Brian Oldfield has more than thirty years of experience in the nuclear industry including radiation protection, facility operations, nuclear safety, fire protection, occupational safety & health, and environmental programs. He has performed in various capacities within the DOE complex as a Facility Manager; Radiation Protection Director; Waste, Characterization, NDA, and Safeguards Director; Fire Protection Director; and Safety & Health/RadCon/Environmental Manager.
Mr. Oldfield has an M.S. in Environmental Science, Radiological Safety Option, from Washington State University and a B.S. in Biology from Eastern Washington University.
As the Safety & Health/RadCon/Environmental Manager for the 300 Area End States Project, Central Plateau Cleanup Company, Mr. Oldfield was responsible for implementing all aspects of the project’s safety and health, radiation protection, and environmental programs.
As Fire Protection Director for CH2MHill Plateau Remediation Company, Mr.
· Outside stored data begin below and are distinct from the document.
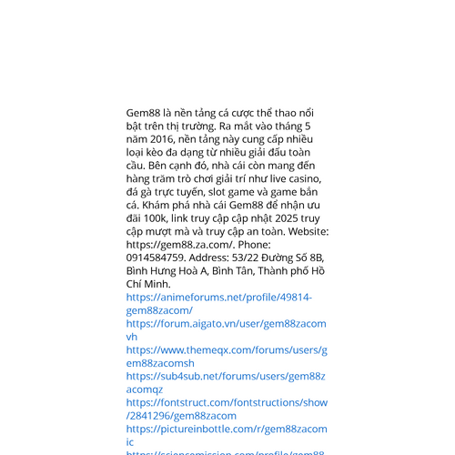 Website: https://gem88.za.com/https://gem88.za.com/ Nhà cái Gem88 là sân chơi cá cược thể thao nổi bật trên thị trường. Ra mắt vào tháng 5 năm 2016, Gem88 cung cấp 69 loại kèo từ nhiều giải đấu toàn cầu. Bên cạnh đó, Gem88 còn cung cấp hàng trăm trò chơi giải trí như ca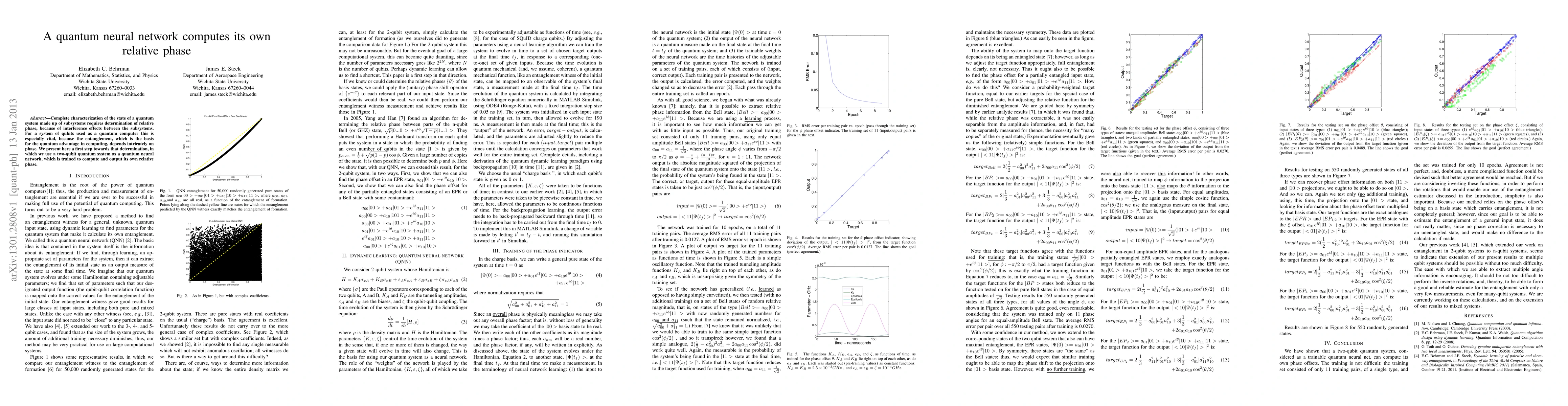 This paper introduces a quantum neural network composed of two qubits trained to determine and output its own relative phase, a crucial aspect for characterizing quantum states and enhancing quantum computing capabilities. The approach marks a significant step towards fully understanding and utilizing quantum entanglement for computational advantages.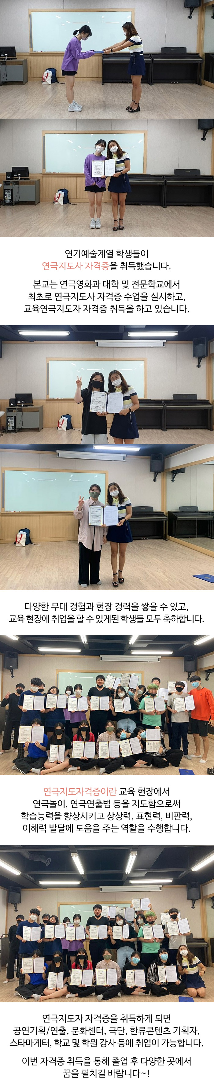 본교는 연극영화과 대학 및 전문학교에서 최초로 연극지도사 자격증 수업을 실시하고, 교육연극지도자 자격증 취득을 하고 있습니다.
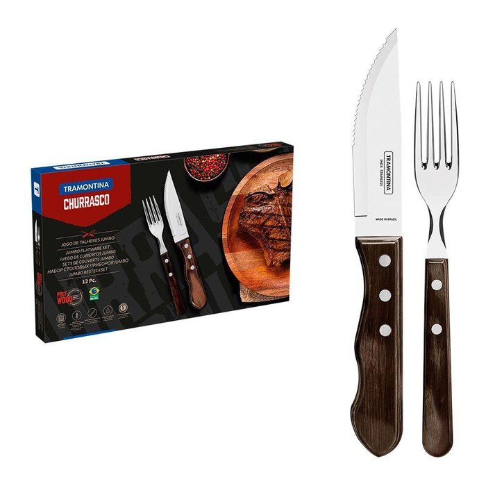 Itens inclusos:6 Garfos Jumbo Polywood6 Facas para Churrasco Jumbo 5 Polywood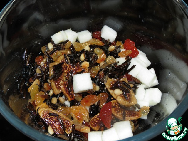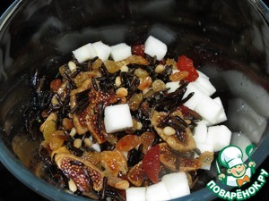 Пока рис варится, подготавливаем сухофрукты: курагу, инжир замочить в чае с бергамотом или воде. Яблоко нарезать на маленькие кубики.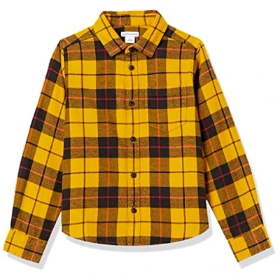 Amazon Essentials Boys' Flannel Button Down Shirt, Yellow Plaid, 6 7 Years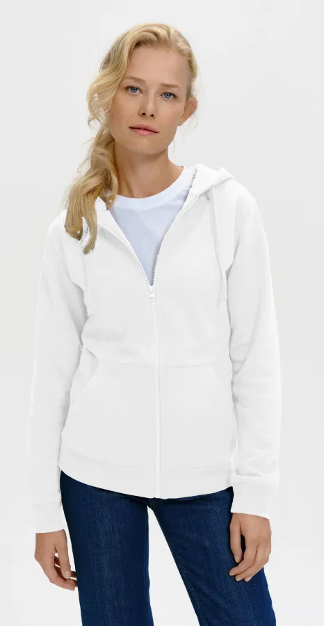 Női pulóver kapucnival, fehér, XL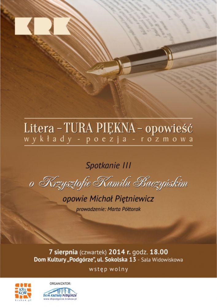 Litera TURA PIĘKNA opowieć to nowy cykl spotkań z poezjš znanych i lubianych twórców w formie krótkiego wykładu o twórczoci omawianego pisarza, analizy kilku utworów przez publicznoć w formie dyskusji oraz wieczoru poezji.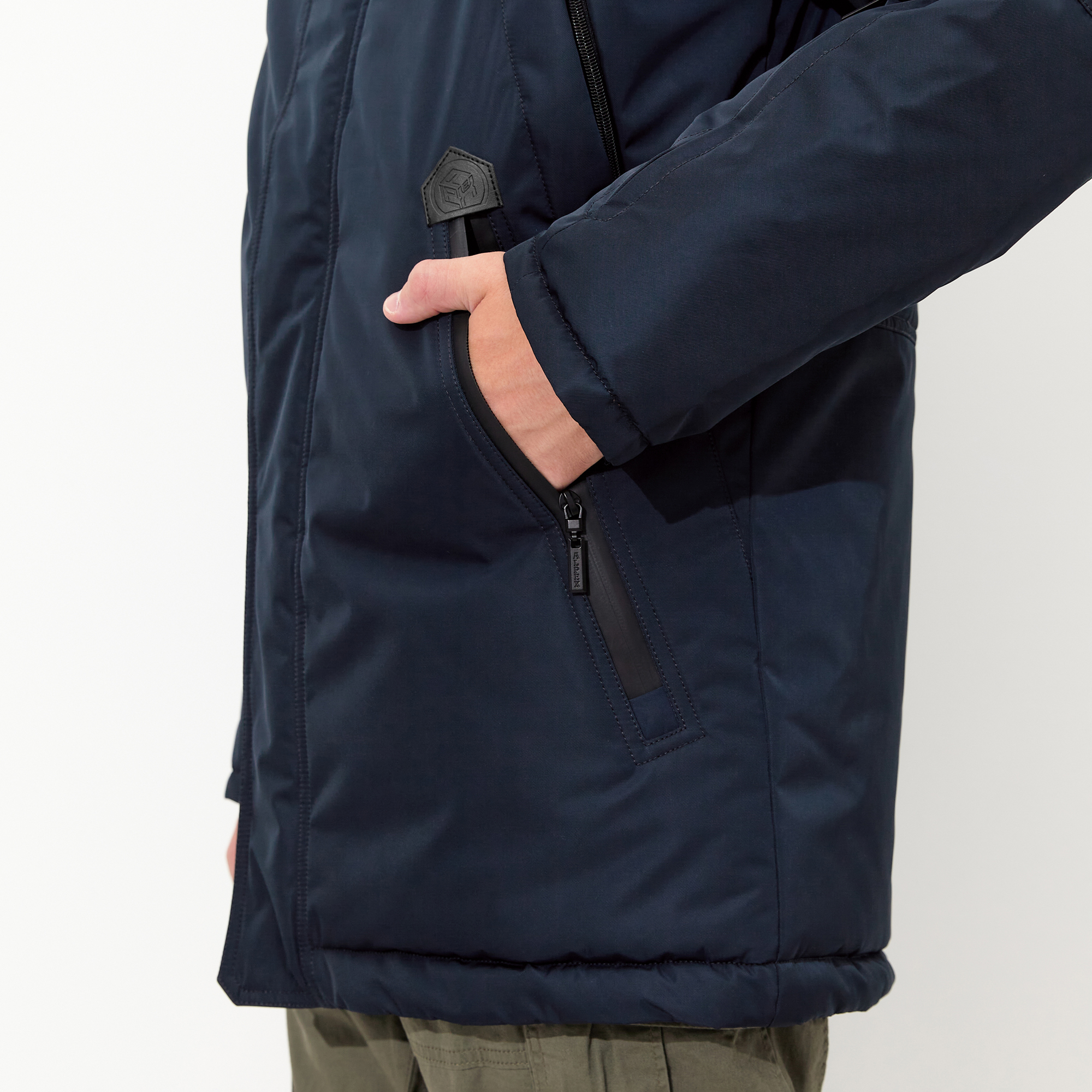 - 2 боковых прорезных кармана, застёгивающиеся на молнию;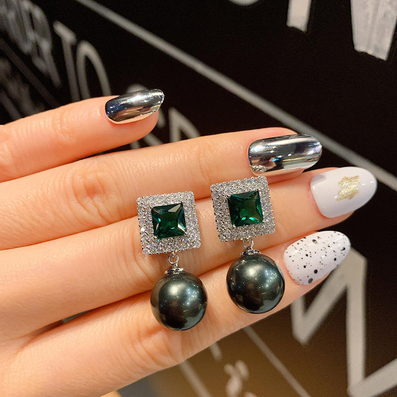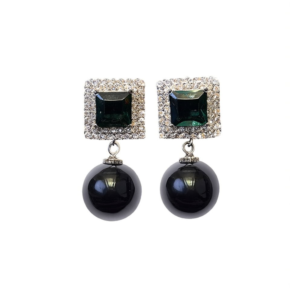 E2920 Luxury Drop Earrings Green Black Geometric Crystal Bezel Setting Women's Party Jewelry
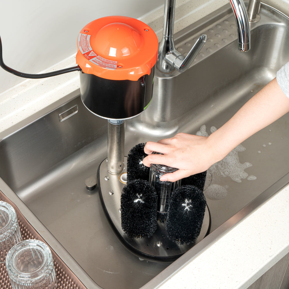 Designed to quickly wash many glasses, this automatic cup washer for sinks is perfect for cleaning cups after big events. Perfect for bars or restaurants.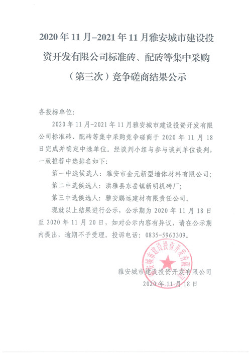 2020年11月-2021年11月雅安城市建設(shè)投資開發(fā)有限公司標(biāo)準磚、配磚等集中采購(第三次)競爭磋商結(jié)果公示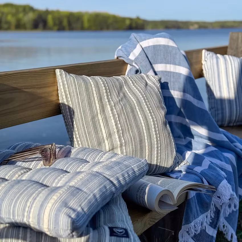 Strukturen i tyget framhäver den genuina hantverkskänslan och gör varje kuddfodral unikt i sitt uttryck.

Oldfield was responsible for overall implementation of the company’s Fire Protection program. He was recognized by DOE-HQ assessors for improvements made to the program.
Mr. Oldfield managed four key programs necessary for safe deactivation of the PFP complex as Waste, Characterization, NDA, and Safeguards Director for CHPRC. He completed radiological characterization of several major PFP systems and structures and achieved safeguards termination and criticality incredibility status necessary to begin demolition.
As Facility Manager of the Waste Encapsulation and Storage Facility, Mr. Oldfield was responsible for all aspects of the safe and efficient operation of a Hazard Category 2 Nuclear Facility. In this capacity, he implemented numerous facility safety upgrades and provided compliant management of the significant cesium and strontium inventory contained within the facility.
Mr. Oldfield served as PUREX Radiation Protection Manager during the facility’s deactivation phase. Deactivation of PUREX, EM’s first pilot project was completed 15 months ahead of schedule and $75 million under budget. Work included successfully shipping 190,000 gallons of contaminated nitric acid to the United Kingdom.